Legislation enacted by the U.S. Congress in 1891 gave a time limit of one year after an alien entered the country for the individual to be deported and decreased judicial review of deportation proceedings. The office of superintendent of immigration in the Department of the Treasury was also created with the 1891 enactment, and this responsibility later passed to the Immigration and Naturalization Service (INS). During the Red Scare in 1919, a number of persons were deported under suspicion of illegal activity. The statute of limitations on deportation from the United States was removed under the Immigration and Nationality Act of 1952. Deportation laws were cited during the 1950s in order to remove union leaders and alleged members of the Communist party said to be illegally in the country. According to Funk & Wagnalls New World Encyclopedia, about 23,000 aliens were deported annually from the country during the latter period of the 1980s.

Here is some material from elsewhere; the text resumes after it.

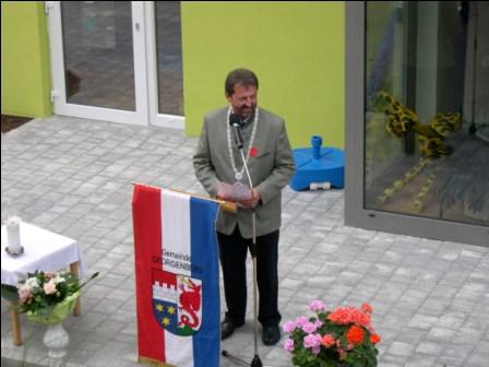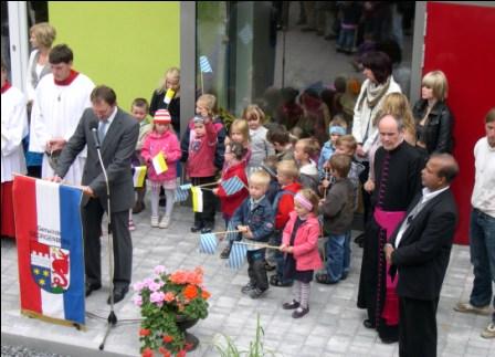 Nach der Einweihung der Kindertagesstätte durch Hochwürdigsten Herrn Diözesan-Caritasdirektor Domkapitular Msgr. Bernhard Piendl folgten Berichte vom Kirchenpfleger Herrn Josef Meckl, Herrn BGR Pfarrer Antony Soosai, dem Sprecher des PGR Herrn Bernhard Lang und Herrn Dipl.-Ing. Architekt Rudolf Meissner.

If an alien is deemed by the government to be removable, they will receive a "notice to appear" (NTA) and later face an immigration judge, who will decide whether or not the alien is removable from the United States. Either party (the alien or the government prosecutor) may appeal (by legal brief, not in person) an immigration judge's decision to the Board of Immigration Appeals (BIA). If an alien fails to appear for any immigration hearing, such person is usually ordered removed in absentia. Those individuals who illegally entered the United States constitute the single largest portion of people deported from the country. Once deported or removed, an alien is not allowed to legally reenter the country unless given special permission to do so by either the DHS or the EOIR. The DHS has placed 164,000 criminals in removal proceedings in 2007, and estimated that figure would be 200,000 for 2008.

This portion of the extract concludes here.